This is a good problem because it establishes that the least squares estimator $\widehat{\boldsymbol{\beta}} = (\mathbf{X}^\prime\mathbf{X})^{-1}\mathbf{X}^\prime\mathbf{Y}$ exists if and only if the columns of $\mathbf{X}$ are linearly independent, meaning that no independent variable is a linear combination of the other ones.
 

\item \label{simple} This question is an example of \emph{simple regression}. ``Simple" means one independent variable. Chapter 6 in the text is about simple regression. It covers testing as well as estimation. We'll get to testing later.

Here is the model. Let $Y_i = \beta_0 + \beta_1 x_i + \epsilon_i$
for $i=1, \ldots, n$, where  $\epsilon_1, \ldots, \epsilon_n$ are a random sample from a distribution with expected value zero and variance $\sigma^2$. The numbers $x_1, \ldots, x_n$ are known, observed constants, while the parameters $\beta_0$  $\beta_1$ and $\sigma^2$ are unknown constants (parameters). 
    \begin{enumerate}
    \item What is $E(Y_i)$?
    \item What is $Var(Y_i)$?
    \item Find the Least Squares estimates of $\beta_0$ and $\beta_1$ by minimizing the function
        \begin{displaymath}  
            Q(\boldsymbol{\beta})=\sum_{i=1}^n(Y_i-\beta_0 - \beta_1 x_i)^2
        \end{displaymath}                  
over all values of $(\beta_0,\beta_1)$. Let $(\widehat{\beta}_0, \widehat{\beta}_1)$ denote the point at which $Q(\boldsymbol{\beta})$ is minimal. Your answer is a pair of formulas, one for $\widehat{\beta}_0$ and one for $\widehat{\beta}_1$.
    \item Give the equation of the least-squares line. 
    \item Recall that a statistic is an \emph{unbiased estimator} of a parameter if the expected value of the statistic is equal to the parameter.  
        \begin{enumerate}
            \item Is $\widehat{\beta}_0$ an unbiased estimator of $\beta_0$? Answer Yes or No and show your work.
            \item Is $\widehat{\beta}_1$ an unbiased estimator of $\beta_1$? Answer Yes or No and show your work.
        \end{enumerate}
    \item Fitting this simple regression problem into the matrix framework of Question~\ref{glm},
        \begin{enumerate}
            \item What is $\mathbf{X^\prime X}$?
            \item What is $\mathbf{X^\prime Y}$?
            \item What is $(\mathbf{X^\prime X})^{-1}$?
            \item Verify that your expression for  $\widehat{\beta}_1$ agrees with $\widehat{\boldsymbol{\beta}} = (\mathbf{X}^\prime\mathbf{X})^{-1}\mathbf{X}^\prime\mathbf{Y}$. The formula for $\widehat{\beta}_0$ agrees also, but it's messy so don't bother.
        \end{enumerate}

    \item Please use this small data set for the following questions:
\begin{tabular}{crrrrrr} \hline
$x$ &  1  & 8  &  3  &  6   & 4 & 7  \\
$y$ & 14  & 2  & 14  &  10  & 9 & 9 \\ \hline
\end{tabular}
        \begin{enumerate}
            \item What is $\widehat{\beta}_0$? Your answer is a number.
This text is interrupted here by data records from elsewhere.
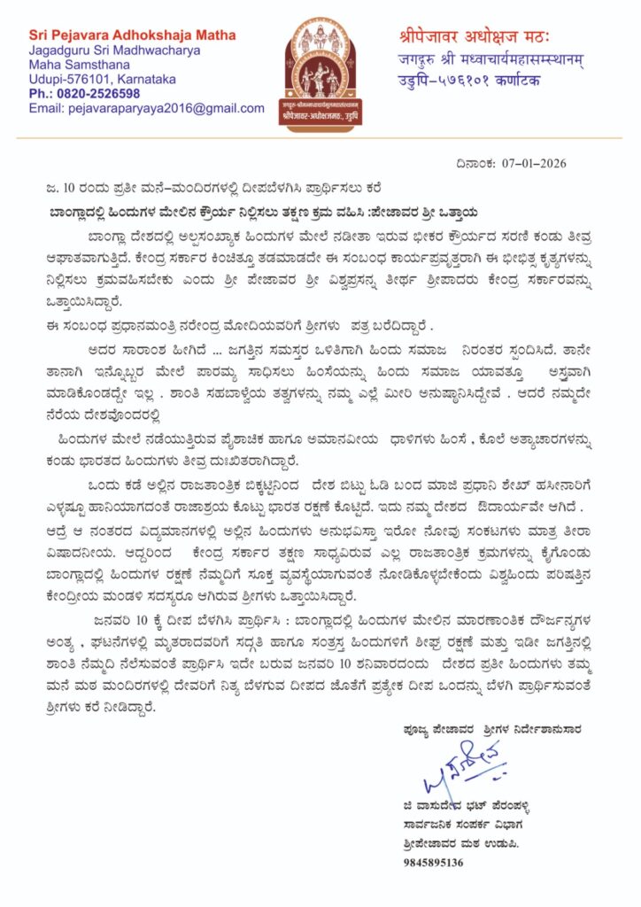 ಬಾಂಗ್ಲಾದೇಶದಲ್ಲಿ ಹಿಂದುಗಳ ಮೇಲೆ ನಡೆಯುತ್ತಿರುವ ಮಾರಣಾಂತಿಕ ದೌರ್ಜನ್ಯಗಳ ಅಂತ್ಯ, ಘಟನೆಯಲ್ಲಿ ಮೃತರಾದವರಿಗೆ ಸದ್ಗತಿ ಮತ್ತು ಸಂತ್ರಸ್ತರಿಗೆ ಶೀಘ್ರ ರಕ್ಷಣೆ ದೊರಕುವಂತೆ, ಜೊತೆಗೆ ಇಡೀ ಜಗತ್ತಿನಲ್ಲಿ ಶಾಂತಿ–ನೆಮ್ಮದಿ ನೆಲೆಸುವಂತೆ ಪ್ರಾರ್ಥಿಸಲು ಜನವರಿ 10 (ಶನಿವಾರ)ರಂದು ದೇಶದ ಪ್ರತಿಯೊಬ್ಬ ಹಿಂದು ತಮ್ಮ ಮನೆ, ಮಠ, ಮಂದಿರಗಳಲ್ಲಿ ನಿತ್ಯದ ದೀಪದೊಂದಿಗೆ ಹೆಚ್ಚುವರಿ ದೀಪವೊಂದನ್ನು ಬೆಳಗಿಸಬೇಕೆಂದು ಶ್ರೀಗಳು ಕರೆ ನೀಡಿದ್ದಾರೆ.
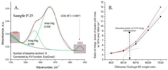 Deconvolution analysis in the C=O (lactamic) stretching vibrations range for physical drug–polymer mixtures (P models); (A) an example for deconvolution analysis carried on Sample P-25 spectrum (the same analysis is carried for all other samples-Table A1, Table A2, Table A3, Table A4, Table A5, Table A6, Table A7, Table A8, Table A9 and Table A10, Appendix A) and (B) determination of drug-saturation point of the polymer matrix by the physical-mixing approach; the curve in red presents optimized processing of the deconvolution analysis data, in which the cause for the low regression coefficient (R2)–a peak at 1653 cm−1, is not taken into account.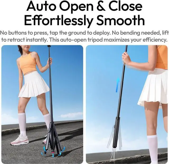 ???????????????? &?????????????????????????????????????????????????? No more struggling with complicated locks or bending over! Touch the base to the ground for auto-expansion pull up gently to retract quickly. Perfect for busy travelers and creatorsshoot your perfect shot in seconds whether on a road trip hike or daily capture.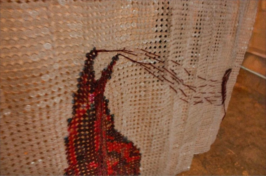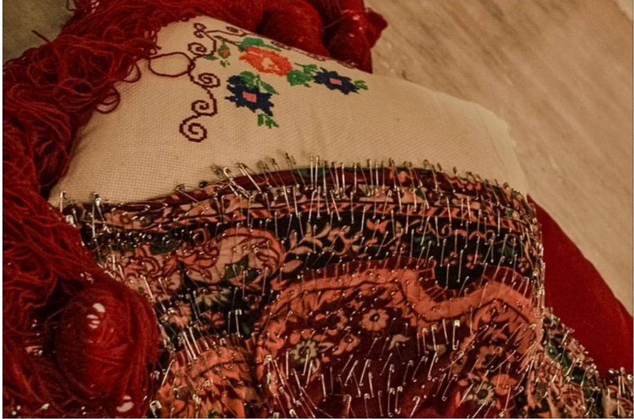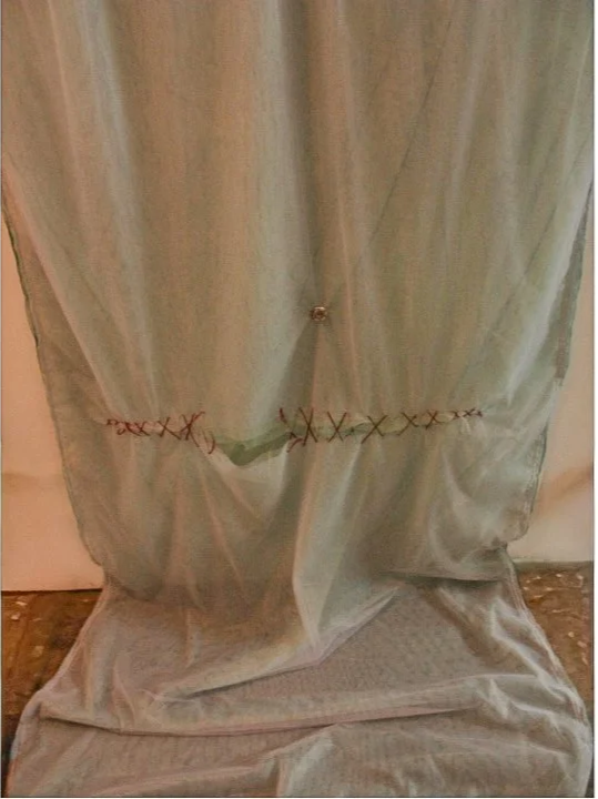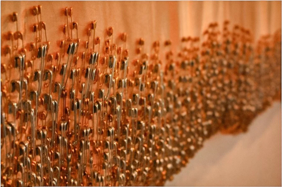 In the Parda series, I was drawn to household textiles and women’s daily rituals as sites of secrecy, desire, and quiet endurance. Fabric became skin, memory, and witness. With pins, safety pins, custom hooks, and zips, I pierced, fastened, and reassembled surfaces as gestures of both violence and care. Each puncture carried the weight of inherited silence, discipline, and longing.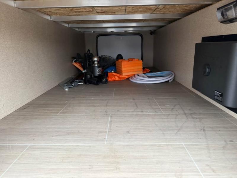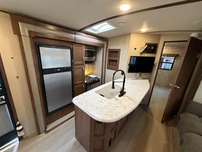 The Aerolite 319BHSS also offers an outside kitchen with countertop space, a double burner range, a 3 cubic foot refrigerator, and a TV mount. Near the front of the travel trailer you will find pass through storage for your outdoor gear.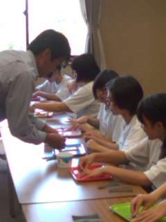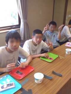 「クラムのお守りペンダント作り」のグループです。それぞれの願いを貝に書いてそれを一生懸命磨いています。
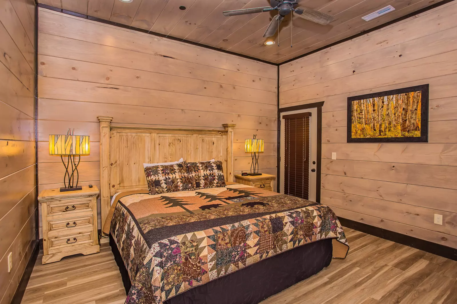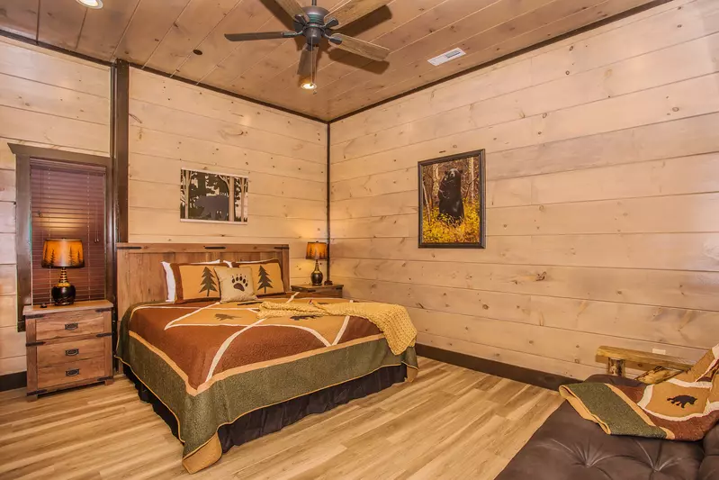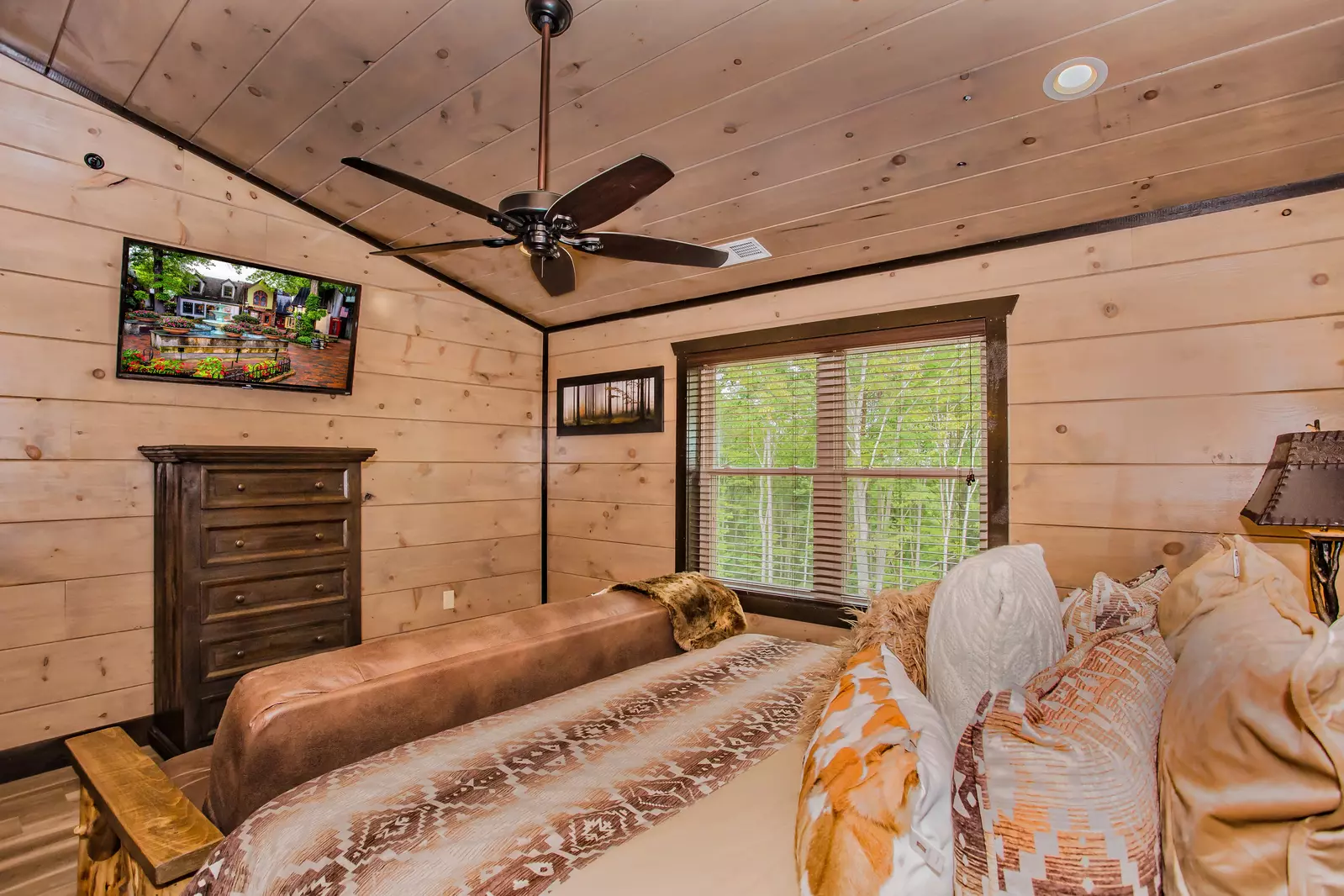 Enter into the bedroom located on this level and you will find a king-size bed, flat screen Roku HDTV, and attached bathroom with walk-in shower.

Two decimal places of accuracy will be fine.
            \item What is $\widehat{\beta}_1$? Your answer is a number. Two decimal places of accuracy will be fine.
            \item What is $\widehat{Y}_3$? Your answer is a number. Again, two decimal places of accuracy will be fine.
            \item What is $\widehat{\epsilon}_3$? Your answer is a number. 
            \item Based on these data, what value of $y$ would you predict for $x=5$?  Your answer is a number. 
            \item Plot the least-squares line. You can do it freehand; it does not need to be perfect. 
            \item \label{R}Use R to estimate $\beta_0$ and $\beta_1$. Bring your printout (one page maximum) to the quiz. You may be asked to hand it in. You may write your name and student number on the printout (or put them in a comment statement), but don't write anything else on the printout.
        \end{enumerate}
    \end{enumerate}

\item In Question \ref{simple}, the model had both an intercept and one independent variable. But suppose the model has no intercept. This is called simple \emph{regression through the origin}. The model would be $Y_i = \beta_1 x_i + \epsilon_i$.
        \begin{enumerate}
            \item Find the least squares estimator $\widehat{\beta}_1$ with calculus.
            \item What is $\mathbf{X^\prime X}$?
            \item What is $\mathbf{X^\prime Y}$?
            \item What is $(\mathbf{X^\prime X})^{-1}$?
            \item Verify that your expression for  $\widehat{\beta}_1$ agrees with $\widehat{\boldsymbol{\beta}} = (\mathbf{X}^\prime\mathbf{X})^{-1}\mathbf{X}^\prime\mathbf{Y}$. 
        \end{enumerate}

\item There can even be a regression model with an intercept but no independent variable. In this case the model would be $Y_i = \beta_0 + \epsilon_i$.
        \begin{enumerate}
            \item Find the least squares estimator $\widehat{\beta}_0$ with calculus.
            \item What is the $\mathbf{X}$ matrix?
            \item What is $\mathbf{X^\prime X}$?
            \item What is $\mathbf{X^\prime Y}$?
            \item What is $(\mathbf{X^\prime X})^{-1}$?
            \item Verify that your expression for  $\widehat{\beta}_0$ agrees with $\widehat{\boldsymbol{\beta}} = (\mathbf{X}^\prime\mathbf{X})^{-1}\mathbf{X}^\prime\mathbf{Y}$. 
        \end{enumerate}


\item In scalar form, the model of Question~\ref{glm} is 
\begin{displaymath}
    Y_i = \beta_0 + \beta_1 x_{i1} + \cdots + \beta_k x_{ik} + \epsilon_i,
\end{displaymath}
and we obtain least-squares estimates of the $\beta$ values by minimizing the sum of squared differences between  observed $Y_i$ and $E(Y_i)$. That is, we choose $\beta_0, \ldots, \beta_k$ to make 
\begin{displaymath}  
    Q(\boldsymbol{\beta})=\sum_{i=1}^n(Y_i-\beta_0 - \beta_1 x_{i1} - \cdots - \beta_k x_{ik})^2
\end{displaymath}                  
as small as possible. 
    \begin{enumerate}
        \item Differentiate $Q(\boldsymbol{\beta})$ with respect to $\beta_0$ and set the derivative to zero, obtaining the first \emph{normal equation}.
        \item Noting that the quantities $\widehat{\beta}_0, \ldots, \widehat{\beta}_k$ must satisfy the first normal equation, show that the least squares plane must pass through the point $(\overline{x}_1, \overline{x}_2, \ldots, \overline{x}_k, \overline{Y})$.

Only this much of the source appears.